CNN polled the tea party folks recently, and I think Jim Spencer and Curtis Ellis, a couple of Democratic political consultants writing in the L.A. Times, are on to something -- but I don't think they've got the story exactly right:

Most 'tea party' followers are baby boomers reliving the '60s

... Neither "average Americans," as they like to portray themselves, nor trailer-park "Deliverance" throwbacks, as their lefty detractors would have us believe, tea partyers are more highly educated and wealthier than the rest of America. Nearly 75% are college educated, and two-thirds earn more than $50,000.

More likely to be white and male than the general population, tea partyers also skew toward middle age or older. That's the tell. Most came of age in the 1960s, an era distinguished by widespread disrespect for government. In their wonder years, they learned that politics was about protesting the Establishment and shouting down the Man. No wonder they're doing that now.

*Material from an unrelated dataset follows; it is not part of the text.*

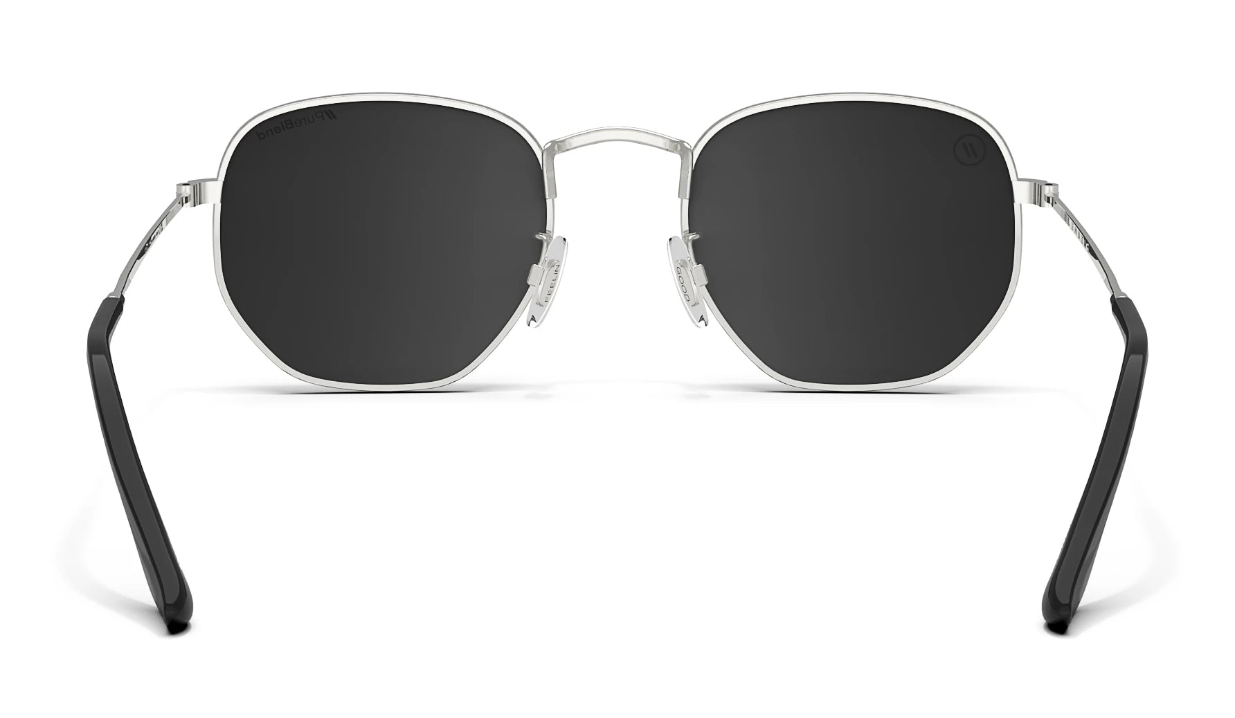 Your best begins with Blenders, so start your day with ‘Sterling J.’ These ‘Hexagram’ shades stun with a standout shape, stainless steel frame, and our premium, polarized PureBlend Lens for superior scratch resistance. The silver-and-smoke scheme pairs with all your fits – and of course, our laser-etched logo is present to remind you to live Life in Forward Motion. //

... The tea party is a harbinger of midlife crisis, not political crisis. For men of a certain age, it offers a counterculture experience familiar from adolescence -- underground radio, esoteric tracts, consciousness-raising teach-ins and rallies replete with extroverted behavior to shock the squares....

Yes, but is this experience familiar because today's protested did it in their youth, or because they didn't do it, and resented the ones who did -- quite possibly out of envy?

I think there are some teabaggers who were lefty protesters back in the day -- but I think a lot of these folks were on the other side then; they saw their lefty generational peers getting all the media attention and (or so legend has it -- I was in grade school so I don't know for sure) the good sex and good drugs, and they've never stopped feeling that that was unfair. They wanted an Age of Aquarius in which they were the center of attention -- and now they have it.

I've been saying for a while that the tactics of anti-Obama protesters seem sixties-oriented -- the use of live pigs as props, the naive calls for national strikes, the Alinsky envy, and so on. Oh, and did I mention the protest music?

From the YouTube page of the singer-songwriter, who calls herself ... er, cowgirlmoon:

... For more than 20 years, I was a Singer/songwriter/ entertainer and for several years, part owner of a popular, local music hall, called "The Little Ole Opry Co." Located near Burfordville, Mo.

Several years following, I interned with the Irish Republican entrepreneurial Star Travelers. A cosmically conservative, outlaw band, on the fringes of societal evolution, we set about the enormously, minuscule task of saving extremely, small, unimportant planetoids, from near distinction.
(Pluto was nearly, our most prestigious success)

Sometime during my association with the R.E.S.T., I was sucked through a Loop-hole and blown into a prison cell phone, where I had no choice, but to listen to monitored communications, with conviction.

Since my escape, I've continued to hide out in the old home town....

Burfordville is just outside Cape Girardeau, home to Rush Limbaugh. This strikes me as small-town wannabe leftiness, but I confess I can't really tell what the demographic tale is here. (I will note that her favorite books include Bury My Hart at Wounded Knee and -- gulp -- Jonathan Livingston Seagull.)